We consider a success only PASS value. For PARTIAL and FAIL we consider that these URLs have some kind of issue.

Limits when Inspecting URLs

Google Search Console API has limits based on a Website Property.

Single Property can request 2000 URL inspections per day, and it can not send more than 600 queries in 1 minute.

If your Property has 10.000 URLs it’ll take 5 days for Jetindexer to inspect every URL inside.

Instead of waiting for 5 days to load everything, Jetindexer will load all impressions in last 2 weeks and compare pages present there. You will see a P (possibly indexed) label next to these URLs. Of course these pages will also be checked with the Inspection API when there is an available quota.

You can use Google Cache link from the right column to manually check certain URL.

Permissions when Inspecting URLs

In order to check certain Search Console Properties, the user sending requests needs to have an Owner’s permission.

Search Console Settings showing Users and permissions

Inside Jetindexer, you’ll see an indicator for the permissions on the property.

Webmaster Scope

Before being able to submit URL inspection requests, Jetindexer requires authenticated users to authorize webmaster scope.

https://www.googleapis.com/auth/webmasters

This scope allows Jetindexer to submit URL inspection requests on behalf of the user.

Request Indexing using Google Indexing API

Indexing API allows any site to push new content to Google or request a removal.

Sending a request to the Indexing API is equivalent to manually requesting indexing through Google Search Console UI.

Google Indexing API has the following endpoints:

  • Update a URL
  • Remove a URL
  • Get notification status

We’ll focus only on the Update URL since it’s the most important one.

Update a URL request

Update URL request is used for informing Google about new pages on your site or updated pages.

POST https://indexing.googleapis.com/v3/urlNotifications:publish

The body of the request consists only of 2 properties:

  • url – This is a full URL to the page on your site that you want to index
  • type – Type of the request you’re sending, in this case, URL_UPDATED

Indexing API will return status 200 on successful request. This does not mean it’s instantly indexed, it just notifies you that request went OK.

Limits when requesting Indexing

Here, the limits are based on the GCP project level. Meaning by default you can request 200 indexation per day for 1 project.

In order to increase the number of requests sent daily, you can connect multiple GCP projects.

You can read more about Connecting a GCP project in our guide.

Jetindexer handles projects and their usage limits for you. You can connect multiple projects and decide which Search Console Property can submit requests and how many.

Indexing Scope

In order to submit requests on behalf of a user, Jetindexer needs indexing scope.

https://www.googleapis.com/auth/indexing

Same as for the Webmaster Scope, the user needs to be an owner of the Search Console Property in order to use Indexing API on it.

Scheduling tasks

In order not to break limits, Jetindexer uses a system of scheduled jobs and multiple queues.

Besides the mentioned limits for Indexing and Inspect API, there are limits on the authenticated user level.

A single user can submit 60 requests a minute in total to these APIs. Spreading tasks between GCP Projects and tracking all these limits is a challenging task.

Priorities when Checking and Submitting URLs

Inside Jetindexer, you can decide which sitemaps of the property will be checked and indexed.

This is helpful when you have too many pages to fit in a daily limit.

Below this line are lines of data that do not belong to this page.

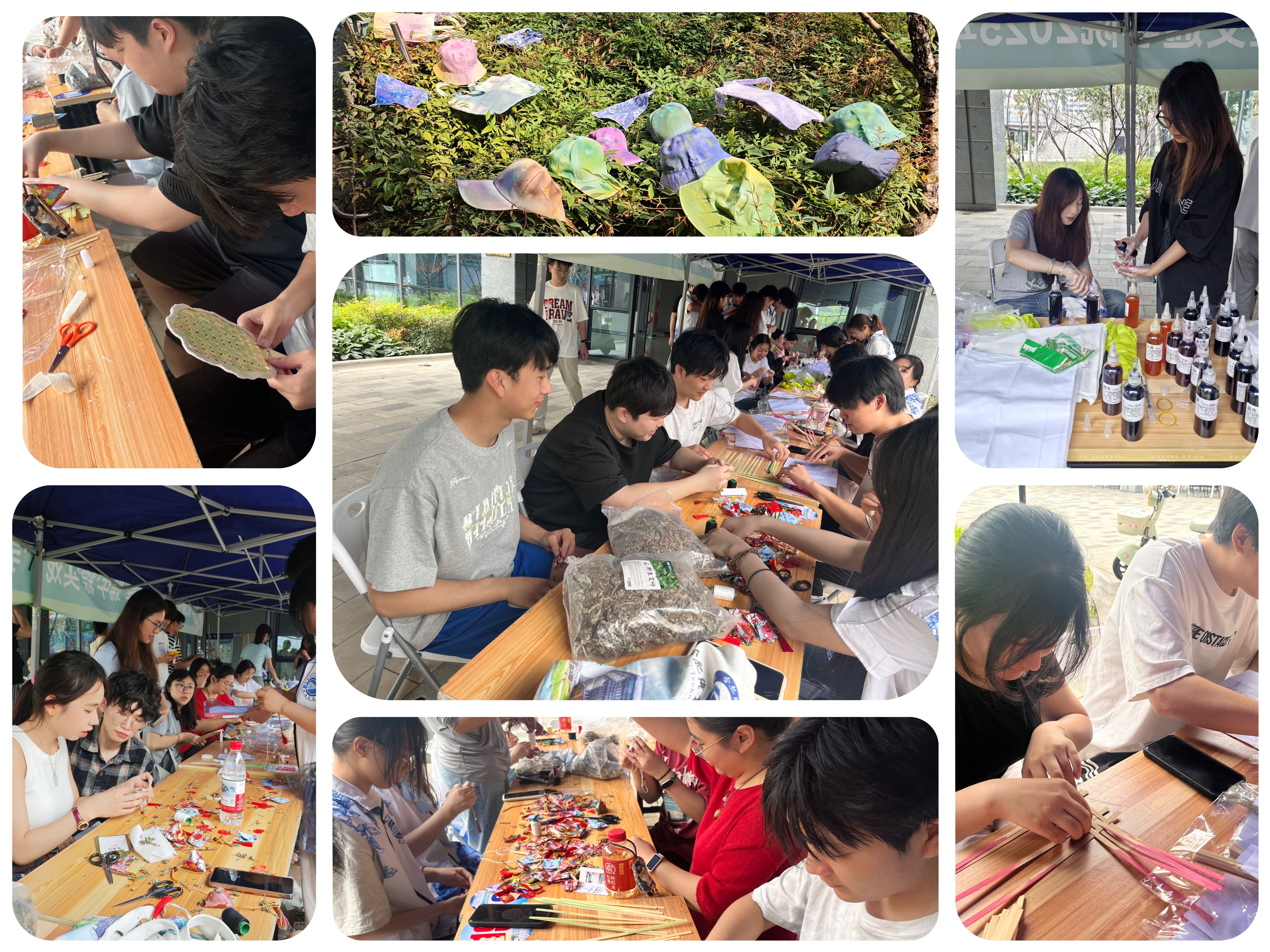 活动中,同学们互帮互助的场景温暖动人,有人主动为新手讲解编织技巧,有人协作完成大型扎染作品,欢声笑语与手工创作交织成和谐乐章。活动尾声,每位参与者都收获了满载心意的手工作品,更在创作中释放了压力,收获了心灵的愉悦与满足。
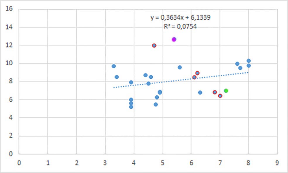 Наблюдаем весьма размазанное пятно точек, взаимосвязь гибкости-крутящего момента отсутствует. Что говорит о возможности создания любых вариантов. Т.е. остается вопрос выбора возможностей. Ну, допустим, примем за некий ориентир идол последних постов - модели гамакатцу (помечены красным). И? К примеру, в секторе высокой жесткости рядом с ними наличествует Karasu (зеленая точка) - она хуже или лучше подходит для серьезной рыбы? Или cовокупность характеристик T-Hunter (пурпурная точка) - лучше или хуже соседствующей рядом гамакатцу?
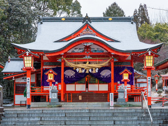 - 位於佐伯市沿岸的神社,以淡粉色可愛的社殿為特色。此處以保佑安產與締結良緣的神明聞名,相傳江戶時代毛利藩的侍女們也會前來參拜。天花板上繪滿色彩鮮豔的畫作,包含草木、海洋相關的自然景致等共80幅,讓人忍不住駐足細細欣賞。

In a number of cases, there are sitemaps that are not a priority. With this feature, you can stop checking them and spend all your requests on the other more important sitemaps of the property.

Handling Timeouts

Timeouts can occur at any step of the process:

  • timeout when loading a sitemap
  • timeout when inspecting URLs
  • timeout when submitting URLs

Most common timeouts are happening on client servers when they have too big sitemaps.

It’s super important to follow best practices regarding the size of sitemaps. Read about them here.

Jetindexer has a robust retry mechanism when timeouts occur.